Acinic cell carcinoma (ACC) is an exceedingly rare type of triple-negative breast cancer (TNBC). We are reporting a case of a 46-year-old female patient who presented with a palpable lump in her left breast not associated with pain, pruritis, or change of skin color. An open biopsy revealed a mass of about 20 x 25 mm of fleshy, white tan with a lobular configuration and necrosis. The histopathological examination revealed cells with cytoplasmic granularity arranged in a microglandular pattern and a solid pattern, and the case was initially reported as ACC. The most remarkable feature was the presence of small and large, brightly eosinophilic cytoplasmic granules, and some cells are clear or multivacuolated, resembling lipoblasts. Cellular pleomorphism and anaplasia are very mild, and the mitotic activity was very low. The tumor showed a scant and vascularized stroma in the area of hyalinization. Small clusters of lymphoid infiltration in the stroma were seen. Histochemical stains revealed that the acinar cells in ACC contain abundant diastase-resistant, periodic acid Schiff (PAS)-positive cytoplasmic granules. Mucicarmine and Alcian blue were negative. The immunohistochemistry workup revealed that the case was positive for discovered on gastrointestinal stromal tumors-1 (DOG-1) and the positivity pattern ranged from apical membranous, cytoplasmic, and complete membranous. In addition, the tumor cells were positive for low-molecular-weight cytokeratin, carcinoembryonic antigen (CEA), and epithelial membrane antigen (EMA). The FISH workup for the ETV6-NTRK3 fusion was negative, arguing against secretory carcinoma (SC). A diagnosis of acinar cell carcinoma of the breast is very rare, and the presence of cytoplasmic granules is helpful for its diagnosis. In the absence of these granules, the diagnosis is very difficult, and other diagnoses will be put in the differential diagnosis, particularly SC, lactating adenosis, and microglandular adenosis. Immunohistochemical and histochemical stains and genetic workups will support the diagnosis of ACC.
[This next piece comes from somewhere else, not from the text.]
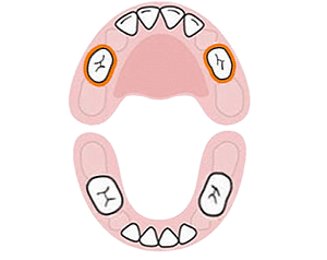 | Từ 16 đến 22 tháng tuổi | Khoảng trống giữa răng hàm và răng cửa trên được lấp đầy khi chiếc răng nanh bắt đầu mọc lên. |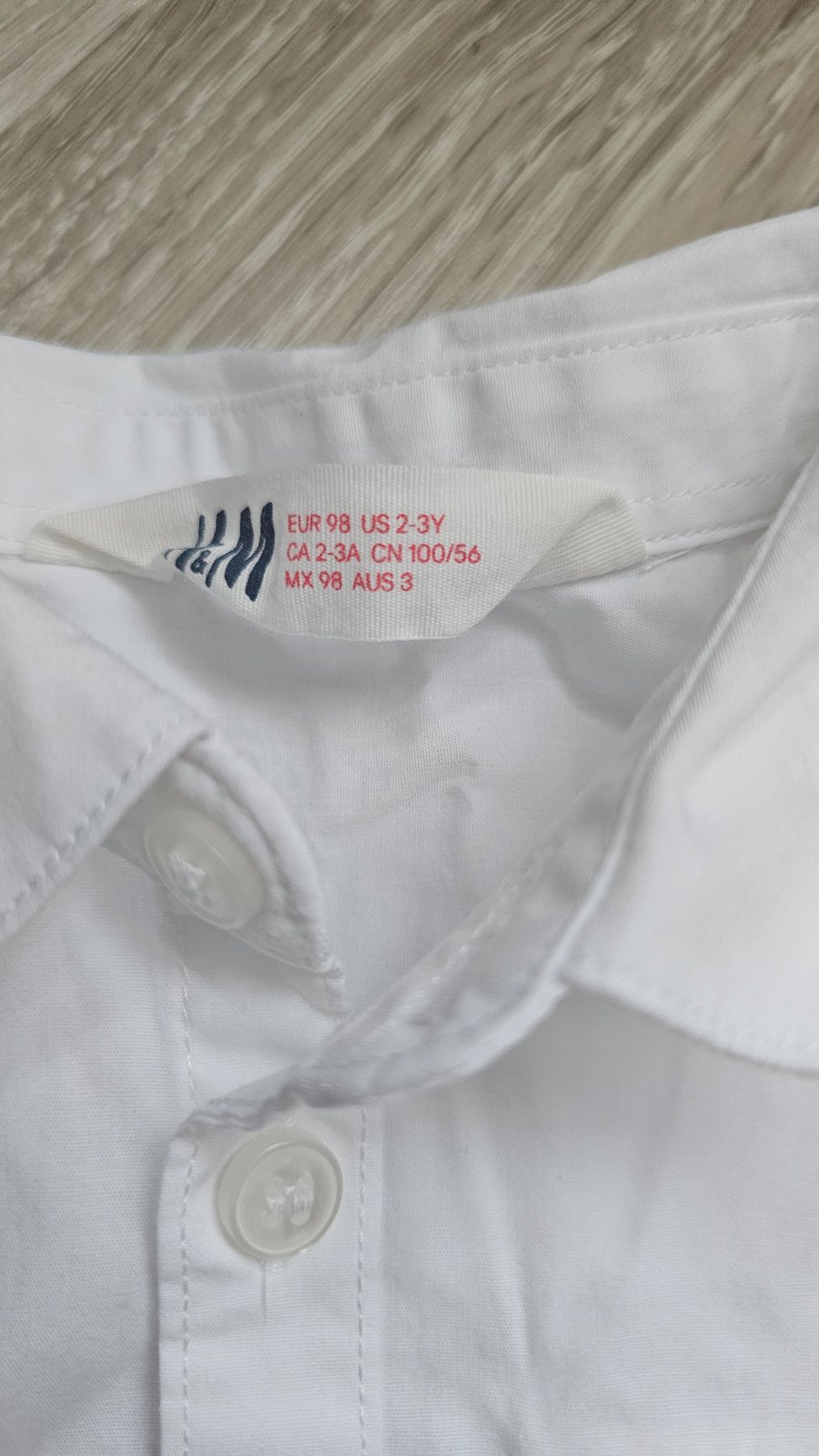 Predám bielu detskú košeľu, oblečenú len jedenkrát. Je v stave ako nová. Košeľa je vypraná, len som ju už nestihla vyžehliť.

腺泡细胞癌(ACC)是一种极为罕见的三阴性乳腺癌(TNBC)。我们报告一例46岁女性患者,其左乳出现可触及肿块,无疼痛、瘙痒或皮肤颜色改变。开放性活检显示一个约20×25mm的肉质、灰白色肿物,呈小叶状结构并有坏死。组织病理学检查显示细胞具有细胞质颗粒,呈微腺泡状和实性排列,该病例最初报告为ACC。最显著的特征是存在大小不一、嗜酸性强的细胞质颗粒,一些细胞清晰或多泡状,类似脂肪母细胞。细胞多形性和间变非常轻微,有丝分裂活性很低。肿瘤在玻璃样变区域显示稀少且血管化的间质。间质中可见小簇淋巴细胞浸润。组织化学染色显示ACC中的腺泡细胞含有丰富的抗淀粉酶、过碘酸希夫(PAS)阳性细胞质颗粒。黏液卡红和阿尔辛蓝染色为阴性。免疫组织化学检查显示该病例对在胃肠道间质瘤中发现的-1(DOG-1)呈阳性,阳性模式从顶端膜性、细胞质性到完全膜性不等。此外,肿瘤细胞对低分子量细胞角蛋白、癌胚抗原(CEA)和上皮膜抗原(EMA)呈阳性。针对ETV6-NTRK3融合的荧光原位杂交(FISH)检查为阴性,排除了分泌性癌(SC)。乳腺腺泡细胞癌的诊断非常罕见,细胞质颗粒的存在有助于其诊断。在没有这些颗粒的情况下,诊断非常困难,其他诊断将列入鉴别诊断,特别是SC、哺乳期腺病和微腺泡性腺病。免疫组织化学和组织化学染色以及基因检查将支持ACC的诊断。